Une lutte des classes, et ça repart

Panorama ciné mars / Oublions la triste dévotion du portrait de Mélenchon sorti en février et repartons au combat avec l’énergie primesautière de la fin de l’hiver. Au ciné, les masses populaires !

Le fond de l’air glacial bouillonne aussi de la colère désespérée des damnés de la terre n’en finissant plus de creuser, pendant que les heureux du monde touchent le septième ciel — et leurs dividendes. Cette insondable exaspération ruisselle jusque sur les écrans, dans un splendide éventail d’œuvres balayant la lutte des classes de manière frontale ou allégorique.

Usines à cauchemars

Premier long de Walid Mattar, Vent du Nord (28 mars) joue en parallèle sur deux tableaux : la délocalisation d’une usine du Nord conduisant un ouvrier licencié à tenter l’aventure entrepreneuriale (devenir patron-pêcheur) et sa relocalisation à Tunis, avec pour un jeune chômeur l’espoir d’un boulot et de se rapprocher de la femme qu’il aime. Sur un thème voisin du maladroit Prendre le large, Mattar réussit un film social double aux échos profonds et révélateurs : les prolétariats sont les mêmes du Nord au Sud, victimes du capitalisme et de l’administration ; et la jeunesse est condamnée à bouger pour s’en sortir.

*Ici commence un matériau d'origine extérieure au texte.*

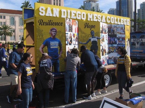 Lots of friendship and smiles up and down the street.Some Navy officers gather near the MLK Day Parade’s starting area.The San Diego Padres would be in the parade. They were waiting with some baseball balloons by the Maritime Museum.One benefit of being a member of the Maritime Museum of San Diego–I could freely watch the parade from atop one of the world’s most famous tall ships–the Star of India!Now I’m looking down from the deck above the historic ship’s forecastle. Joe who works at the museum and I had the best view of the parade all to ourselves!Look at all the folks gathering for the big MLK Day Parade. Every year, it’s one of the most popular parades in San Diego.From the Star of India we overlooked the parade’s starting point. Lots of groups were waiting by their vehicles, including these Homeland Security guys posing for a picture.I also spotted law enforcement officers from around San Diego and the Border Patrol.A pigeon joined us on the tall ship’s rigging. Funny how the politicians manage to always go first. I spotted Todd Gloria, Toni Atkins, Susan Davis and Shirley Weber.Tending to the flags.The parade has begun and here comes the Padres’ happy mascot, the Swinging Friar!The Chargers might be history, but San Diego’s beloved Padres remain a strong part of our wonderful community.I think those guys marching are the San Diego County Sheriffs.Oh, goodness! It’s the Geico gecko.Fellowship and laughter in one group before beginning down the parade route.From our cool vantage point above the starting point, sometimes the big event seemed like two parades in one!It’s a small planet. Perhaps we humans ought to be nice to one another. Martin Luther King, Jr. knew that love overcomes hate.I realized my small camera struggles at a distance, so after a bit I said bye to Joe and headed down to Harbor Drive to get closer shots.Here comes the Saint Peter Grand Lodge!Hello!Here comes a bright yellow float carrying some beauty queens!Wow–look at all the happy people. The Martin Luther King, Jr. Day Parade is a joyful celebration of human diversity and togetherness.Here come some drummers!I believe these guys are students from UCSD. The County Administration Building rises in the background.Lots of colorful costumes and finery representing different experiences and cultures. San Diego comes together as one family.Smiles, happiness and togetherness. May the parade go on and on…

Moins convaincant est le 7 Minuti (même date) de Michele Placido, inspiré de faits survenus à Yssingeaux, où un groupe de délégués du personnel doit statuer sur l’abandon de 7 minutes de pause déjeuner en échange du sauvetage de son usine. Certes, l’idée de transposer un fait social contemporain en huis clos est pertinente, et la similitude avec 12 hommes en colère intéressante. Mais du fait de sérieux problèmes d’écriture — dont des effets de suspense théâtraux destinés à retarder l’annonce de la fameuse mesure —, de quelques personnages féminins au-delà de la caricature et d’une mise en scène molle là où il aurait fallu du sec, on s’agace au lieu de compatir.

Ailleurs ? Pas mieux…

Complétant comme une parenthèse ou un zoom le We Blew it de Thoret tourné partiellement à Seligman, le documentaire America de Claus Drexel (14 mars) s’intéresse aux habitants de cette ville d’Arizona juste avant (et pendant) l’élection ayant porté Trump au pouvoir. Un an de recul permet de dépassionner le sujet, mais aussi de montrer combien la propagande conservatrice a pu fonctionner dans ce territoire précis. Tristement édifiant.

Un mot sur également pour Mala Junta de Claudia Huaiquimilla (même date) qui, semblant être un énième film chilien sur les ados à problème, se révèle témoigner du sort inique réservé aux indiens Mapuche, spoliés le gouvernement et brutalisés par la police pour qu’ils quittent leurs terres. Un peuple aussi ostracisés par le reste de la population que le sont les juifs russes dans Tesnota – Une vie à l’étroit de Kantemir Balagov (7 mars).

Du fantastique, qui ne l’est pas

Petite déception devant Les Bonnes Manières (21 mars) de Juliana Rojas & Marco Dutra, drame fantastico-lesbien mettant en scène Clara, infirmière des favellas de São Paulo, recrutée pour accompagner durant la fin de sa grossesse Ana, jeune bourgeoise, se révélant enceinte d’un loup-garou. Cet hybride de genres tire avantage de l’union des contraires dans sa première moitié, totalement dépourvue de présence masculine, montrant la naissance d’une idylle entre deux femmes que tout oppose. La seconde partie, métaphorique, est plombée par un désir de fantastique maîtrisant mal ses codes, hélas rendu (presque) possible par la technique. S’ensuit une impression de contrefaçon bancale dénaturant le sens et le propos politique. Dommage.

Que dire, enfin, de Madame Hyde (28 mars), interprété par la stakhanoviste du mois Isabelle Huppert (à l’affiche également de La Caméra de Claire et de Eva le 7) : il confirme ce que l’on en craignait venant du redoutable Serge Bozon. Pauvre transposition du roman de Stevenson, on y suit Madame Géquil, prof de physique d’un lycée de banlieue chahutée par ses élèves, se métamorphosant à la suite d’un choc électrique. La touche Bozon (séquences coupées trop tôt, jeu faux, pseudo humour sinistre, réalisation statique des “moments“ musicaux, trucages pourris, inanité générale…) atteint ici un degré supplémentaire qui devrait ravir ses séides, arguant d’un raffinement intellectuel supérieur. On leur laisse bien volontiers ; il y a d’autres luttes plus classes.